Вештачка интелигенција

New Tool Helps Clients Improve AI Models with High-Quality Data

Summary

Artificial intelligence (AI) has become increasingly dependent on high-quality data for accurate results. Without reliable and updated data, AI models can’t generate outputs that are as good as models using data with those characteristics. This is one of the lessons […]

New Tool Helps Clients Improve AI Models with High-Quality Data

Artificial intelligence (AI) has become increasingly dependent on high-quality data for accurate results. Without reliable and updated data, AI models can’t generate outputs that are as good as models using data with those characteristics. This is one of the lessons that Matillion, a provider of software and services for data extraction, transformation, and loading (ETL), will be delivering during its one-day virtual Data Unlocked conference on November 15.

Matillion is best known for helping companies efficiently transfer transactional data from operational data warehouses to cloud-based data warehouses like Amazon Redshift from AWS and Snowflake. While the use of big data for analysis is still popular, the surge in interest in AI, especially after the launch of ChatGPT nearly a year ago, has prompted Matillion to develop innovations to enhance its clients’ utilization of the latest AI technology. These innovations will be showcased at the virtual Data Unlocked summit taking place on Wednesday.

At the summit, Matillion will introduce new capabilities for working with unstructured data for AI purposes, according to Laura Malins, VP of Product at Matillion. The goal is to help users achieve better results from AI models by providing them with improved data.

“We offer components that convert semi-structured data into tabular format, but we believe there are many other possibilities and expect wider application for processing unstructured data such as video data, call data, and even scraped web data,” she says. “Then, you use AI to obtain some sort of summary, notification, or feedback from that data, and feed that data into a warehouse and use it to enhance your structured data.”

Use cases like predicting customer churn and sentiment analysis are not new in the field of data science. However, the emergence of highly powerful language models like GPT-4 has significantly reduced the effort required to achieve good results in these projects. As an established ETL/ELT pipelines provider, Matillion is uniquely positioned to deliver high-quality and reliable data for AI models, says Malins.

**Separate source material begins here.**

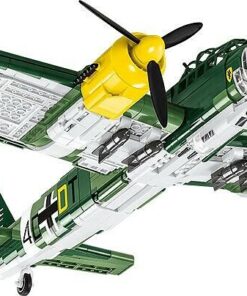 El modelo del famoso bombardero Ju 88 se desarrolló cuidadosamente utilizando 1.160 bloques de construcción a una escala sensacionalmente grande de 1:32. El conjunto utiliza sólo impresiones permanentes. ¡No encontrarás pegatinas aquí! Para reproducir mejor la compleja forma de la cabina del piloto, ¡hemos desarrollado nuevos patrones de bloques! La cabina acoge la figura del piloto incluido y queda un asiento libre. El conjunto incluye elementos móviles como hélices, alerones y escotillas de bombas con cerradura. Hay bombas desmontables y ruedas debajo de las alas. Gracias a las instrucciones intuitivas basadas en iconos claros, la construcción es sencilla. El avión es imprescindible para todos los fanáticos de la historia, la aviación, la militaria y la tecnología militar. El conjunto fue fabricado íntegramente en Polonia dentro de la Unión Europea.

For example, Matillion could assist a call center client by using a language learning model to extract unstructured data from call records and provide a summary or feedback about a particular customer, she says.

“Give me an indication based on this data whether this user is happy, sad, or neutral, and why,” says Malins. “And then we can become smarter about the data we have and how we use it. We can obtain valuable and quantitative data from very unstructured and large data sources in ways that were never before possible.”

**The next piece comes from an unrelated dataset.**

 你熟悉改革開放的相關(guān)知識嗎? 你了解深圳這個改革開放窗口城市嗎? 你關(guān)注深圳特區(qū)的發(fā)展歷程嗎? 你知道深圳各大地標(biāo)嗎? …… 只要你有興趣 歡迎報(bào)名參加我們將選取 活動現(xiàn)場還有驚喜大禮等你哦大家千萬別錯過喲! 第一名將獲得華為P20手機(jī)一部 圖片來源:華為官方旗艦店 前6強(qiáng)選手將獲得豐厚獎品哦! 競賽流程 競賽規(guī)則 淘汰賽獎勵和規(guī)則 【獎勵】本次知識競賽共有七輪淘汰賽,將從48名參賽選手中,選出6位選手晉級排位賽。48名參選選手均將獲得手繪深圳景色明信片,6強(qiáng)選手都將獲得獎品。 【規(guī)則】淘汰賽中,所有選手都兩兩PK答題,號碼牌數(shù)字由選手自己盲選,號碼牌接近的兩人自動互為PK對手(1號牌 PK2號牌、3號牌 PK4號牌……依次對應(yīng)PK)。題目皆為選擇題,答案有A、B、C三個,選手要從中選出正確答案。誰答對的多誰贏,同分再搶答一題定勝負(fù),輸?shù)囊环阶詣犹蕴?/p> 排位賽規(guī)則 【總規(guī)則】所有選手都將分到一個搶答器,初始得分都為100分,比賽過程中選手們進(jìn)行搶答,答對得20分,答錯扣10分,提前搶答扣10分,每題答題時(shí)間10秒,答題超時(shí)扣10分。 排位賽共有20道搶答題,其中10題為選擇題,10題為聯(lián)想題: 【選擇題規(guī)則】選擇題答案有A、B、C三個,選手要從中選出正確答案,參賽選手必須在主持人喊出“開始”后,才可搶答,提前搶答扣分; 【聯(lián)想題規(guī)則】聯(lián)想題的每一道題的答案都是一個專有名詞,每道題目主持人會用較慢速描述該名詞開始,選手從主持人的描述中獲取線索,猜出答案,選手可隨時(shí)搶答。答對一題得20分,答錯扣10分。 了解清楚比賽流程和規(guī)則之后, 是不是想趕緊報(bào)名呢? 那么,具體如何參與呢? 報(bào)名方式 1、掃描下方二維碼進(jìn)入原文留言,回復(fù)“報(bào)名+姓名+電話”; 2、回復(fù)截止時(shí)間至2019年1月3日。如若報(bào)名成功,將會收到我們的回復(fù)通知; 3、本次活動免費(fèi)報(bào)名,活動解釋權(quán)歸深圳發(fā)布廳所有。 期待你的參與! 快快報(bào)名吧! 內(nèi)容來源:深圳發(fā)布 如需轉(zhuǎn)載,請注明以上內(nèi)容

The aim is to build on Matillion’s role as a trusted provider of structured data and help clients take their unstructured data further into the AI realm, Malins adds. Currently, there is a lack of trust in the data.

“One thing we see is a fear with external models and who has access to those models and whether they can lose their data, etc.,” says the VP of Product. “Matillion would provide you that traceability, that data reliability. So, you have repeatability of process. You understand where the information is coming from, so if something is wrong, you can adjust it for next time.”

Currently, there is a lot of experimentation with generative AI and large language models, and one of the things companies are doing is creating ensembles of models, where the outputs of one model become the inputs for another model. This carries certain risks, but Matillion can offer some benefits to clients, says Malins.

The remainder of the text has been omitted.